И уже сидели они напротив друг дружки за столом, вели беседу – тихую, женскую.
– Я ведь, голубушка вы моя Мария Дмитриевна, три года назад похоронила мужа. Жили мы с ним не то чтобы очень хорошо, но не хуже людей. Трудился он недалеко здесь, зарплату приносил полностью, выпивал в меру, на чужих женщин не заглядывался. И все чего-то не хватало в жизни – не денег, нет! А чего не хватало – уж и не знаю. Детей совместных не было, так многие и без них счастливы. Посмотришь на таких – сытые, довольные, здоровые. То в кино. То в театр.
– Ой, все так, добрая вы моя… Ой, верно, Александра Васильевна, – поддакивала Мария, поражаясь сходству судьбы своей с судьбой говорившей.
– Правда, нездоров был мой Аркадий Федорович. Да и как быть здоровью? Посудите сами: три ранения (одно – легкое, два – тяжелых), контузия. А как начнет рассказывать – в голове не укладывается, как можно пережить такое: в болотах каких-то стояли, реки холодной осенью форсировали, зимой в окопах мерзли. И что ни медаль, что ни орден, так год, два, пять лет жизни как не бывало! И осталось нам с ним после четырех лет войны каких-нибудь два десятка годков на обустройство личного счастья.
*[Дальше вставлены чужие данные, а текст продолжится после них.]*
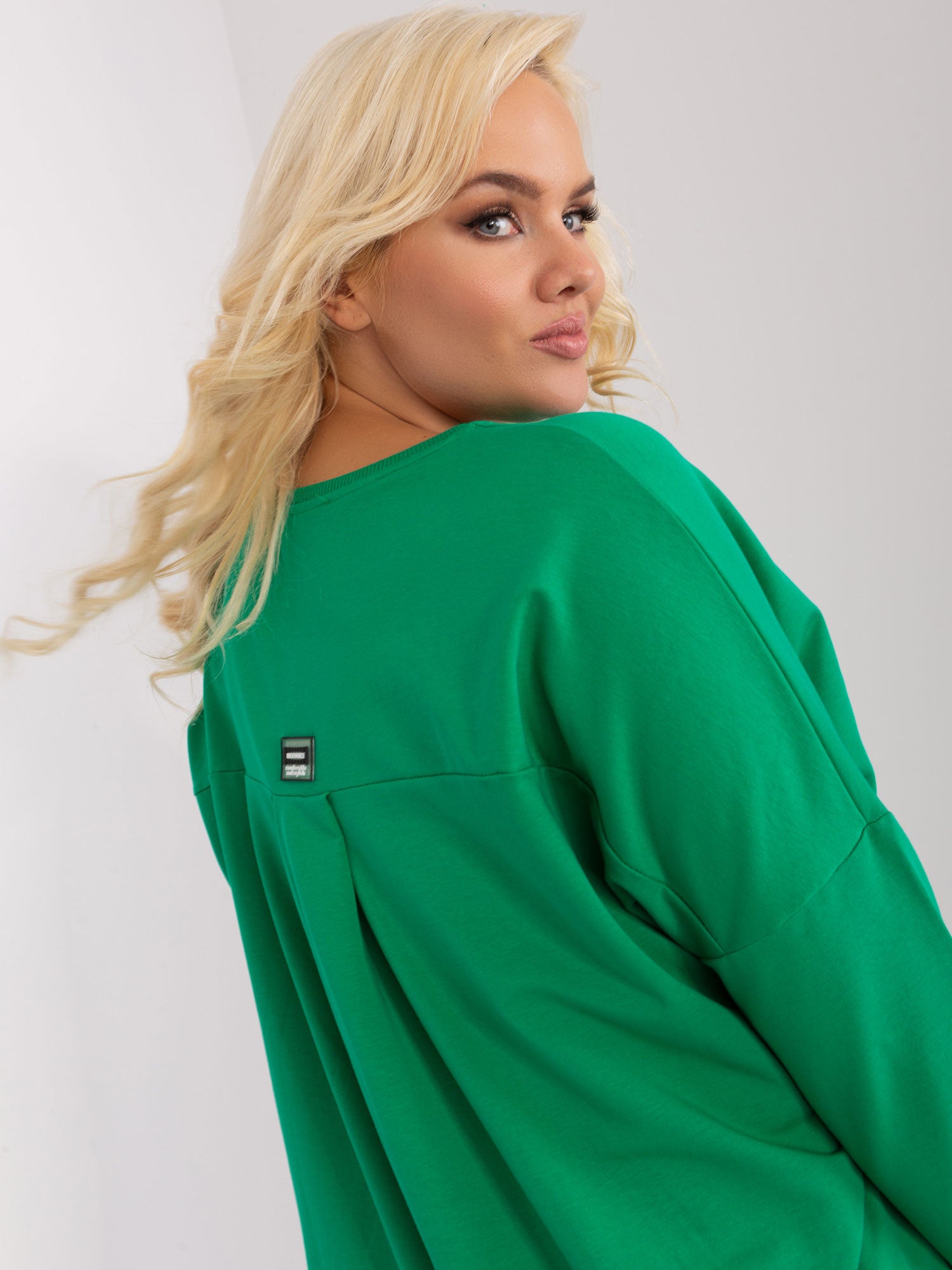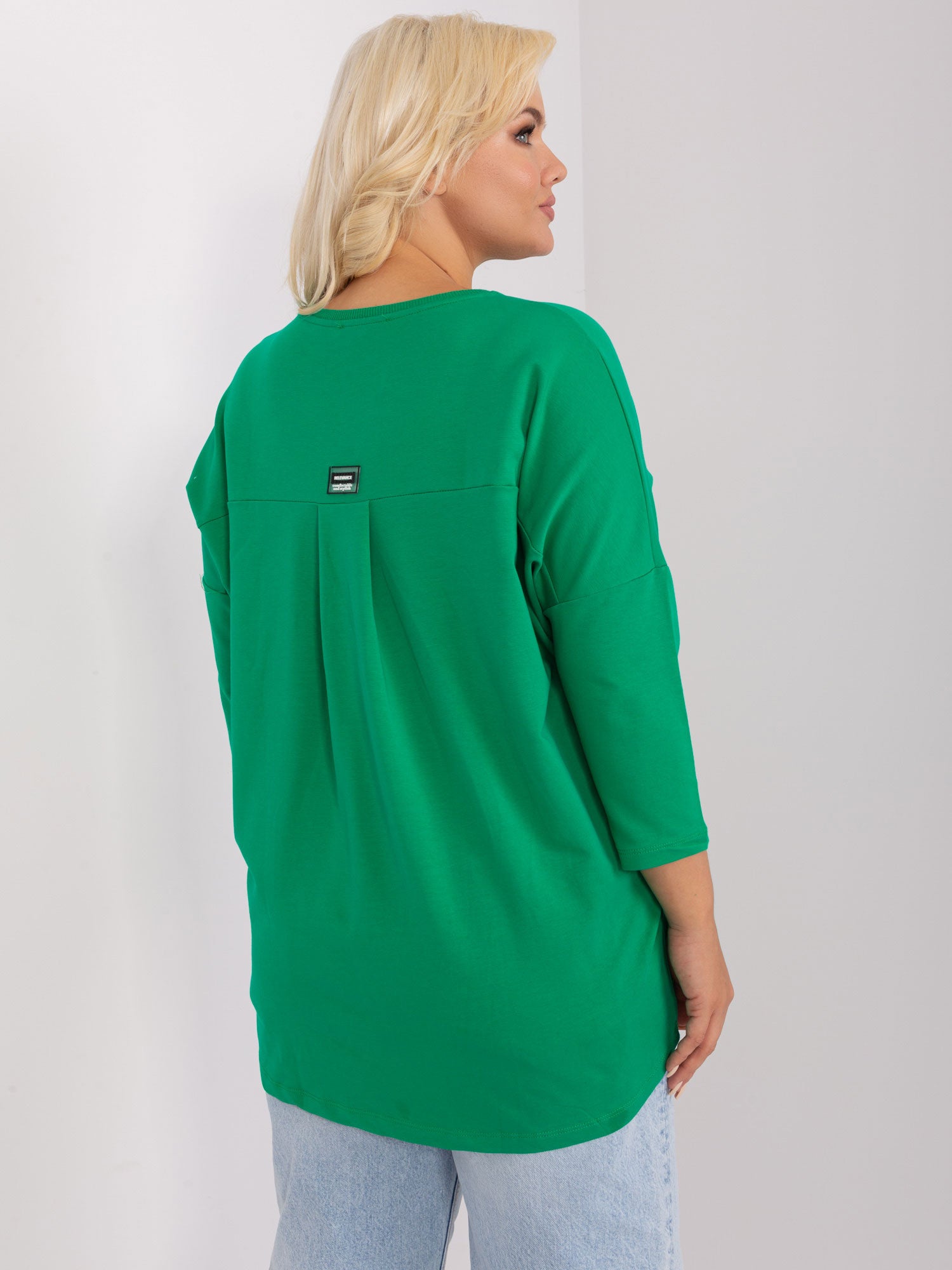 Zielona damska bluzka plus size z dłuższym tyłem.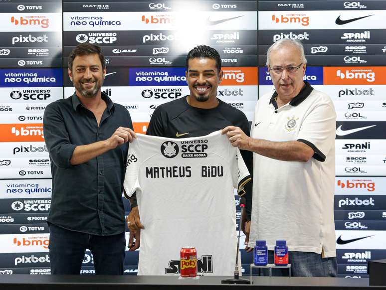 O lateral esquerdo Matheus Bidu foi oficialmente apresentado no Corinthians na manhã desta segunda-feira, no CT Dr. Joaquim Grava, na presença da família. Sim, o apelido vem do famoso cachorrinho de Mauricio de Sousa na "Turma da Mônica". Porém, o primeiro "Bidu" é de Antonio, seu pai, também "bom de bola".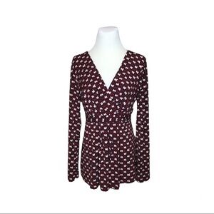 Daisy Fuentes Womens Size L V Neck Crossover Wrap Blouse Wine White Gray Knit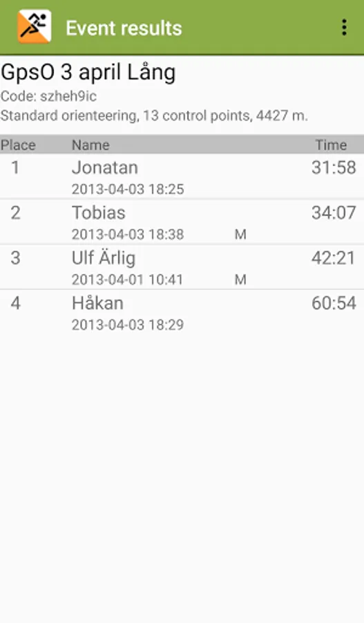 It is simple to arrange a training event with the GPS Orienteering app. Just publish a course (and map) inside the app. The participants can download the course, run the course and upload their result. Everyone can then download the results and see a result table for the event, view and replay the tracks and more. All within the app!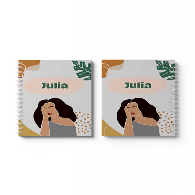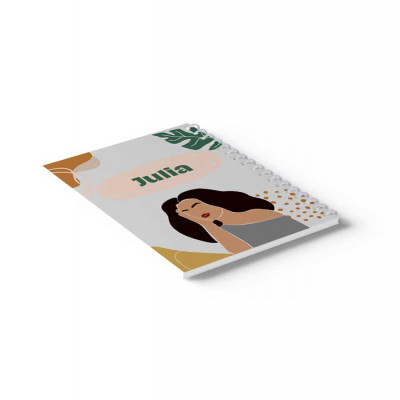 دفتر سلك حلزوني ٦٠ ورقة مقاس A5، لتسجيل الملاحظات وتدوين التذكيرات، بغلاف من الورق المقوى بتصميم اسم جوليا بالإنجليزية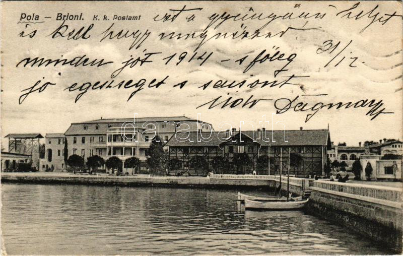 Leírás: 1914 Brijuni, Brioni (Pola, Pula); K. k. Postamt / post office. G. Fano (EK)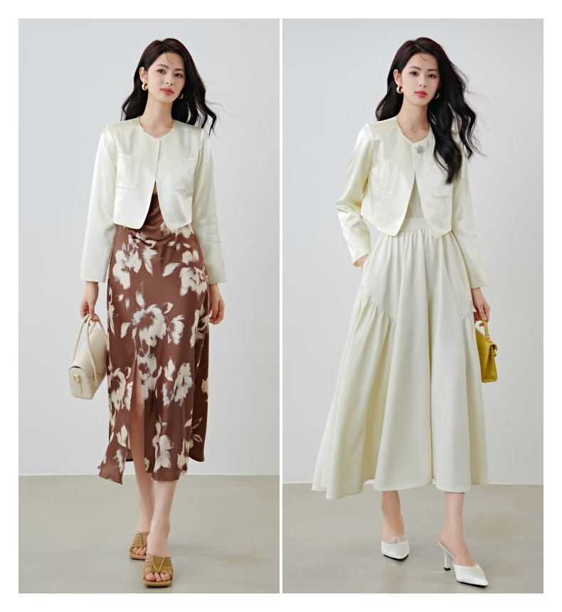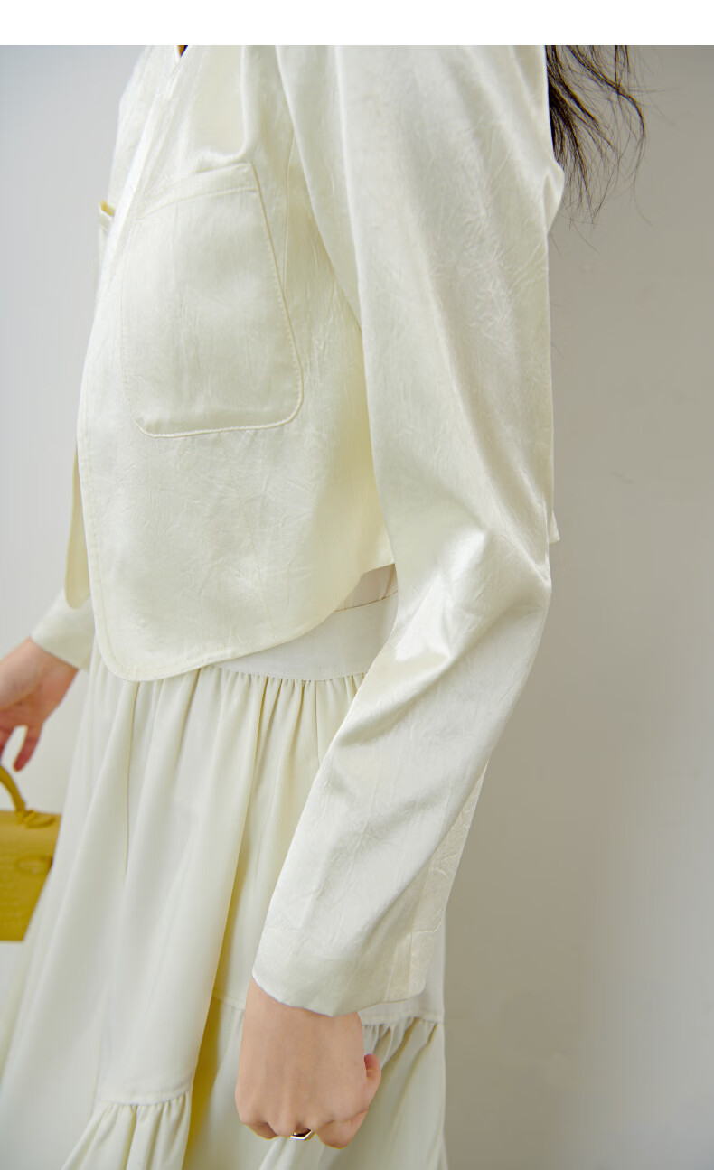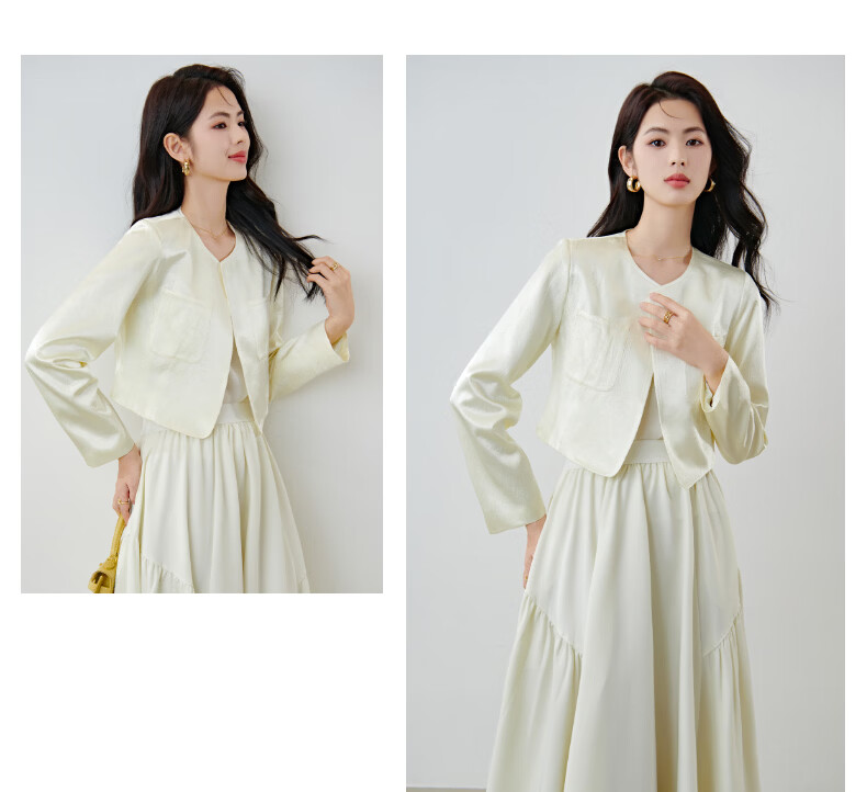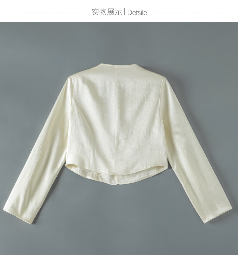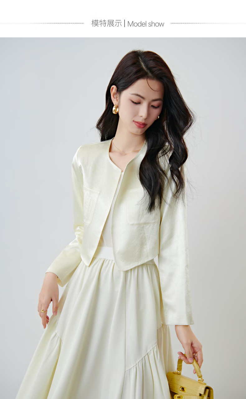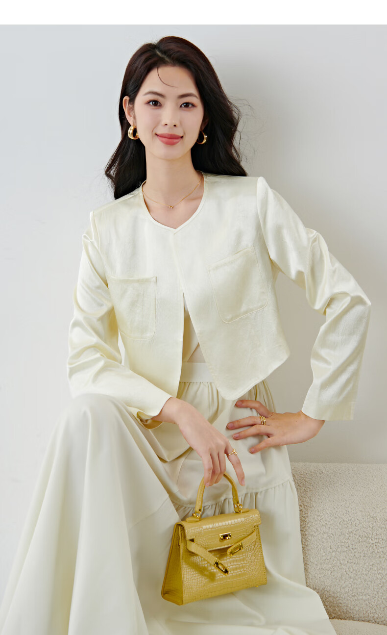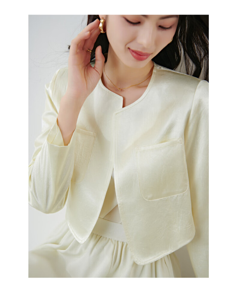 晚白【新品】2026春小个子显高千金风缎感醋酸上衣高智感穿搭短款外套 杏色 S

Слушала, словно трав целебных настой пила. Слушала, в свою очередь, пересказывая и свою судьбу. Что в войну оторвали их от семей и пригнали сюда. Как везли голодных, холодных, как цеплялись сопровождающие, а точнее – охранники. Как ходили за ними по пятам, если требовалось по нужде… Матерились. И это было хуже любой работы. А потом – бараки, и никогда не покидавшее ощущение, будто и ты у своих же в плену. Будто провинился в чем-то, чем-то уронил себя. И так хотелось вырваться отсюда и бежать. Без оглядки. Не для безделья и праздности бежать, а для работы, только без сытых, наглых морд, неизвестно кем и для чего поставленного над ними мужичья. С наганами. Портупеями. В не запыленных и не измятых гимнастерках. Но потому еще более гадких, потому еще более ненавистных.
– Правду, правду говорите, голубушка вы моя Мария Дмитриевна. И я на той работе была и бараки те хорошо помню – снесли их лет десять назад. Вполне возможно, даже встречались с вами, да забыли – до друг друга ли нам было? Есть хотелось! Жить хотелось!
– Ой как хотелось! – откликалась Мария.
И ночь придвинулась. И осталась она наедине с собой в той комнате, где только что сидели с этой чем-то напоминавшей подружку Катерину Бережных женщиной. Такой непохожей на них обеих, но такой родной, умевшей все понять и объяснить.
Городской… Вон и квартира – не то что у них с Катериной жилища: книги, большие рюмки на ножках в серванте. Но, самое главное, не верилось, что работала на такой же черной работе в войну… Лицом белая, губы подкрашенные… Где-то рядом с ней работала…
«Концерт прямо какой-то, да и только!» – изумлялась Мария, изумлялась чистой простыни, подушке с чистой наволочкой, пахнущему свежестью одеялу. И пластинке, какую поставила для нее Александра Васильевна.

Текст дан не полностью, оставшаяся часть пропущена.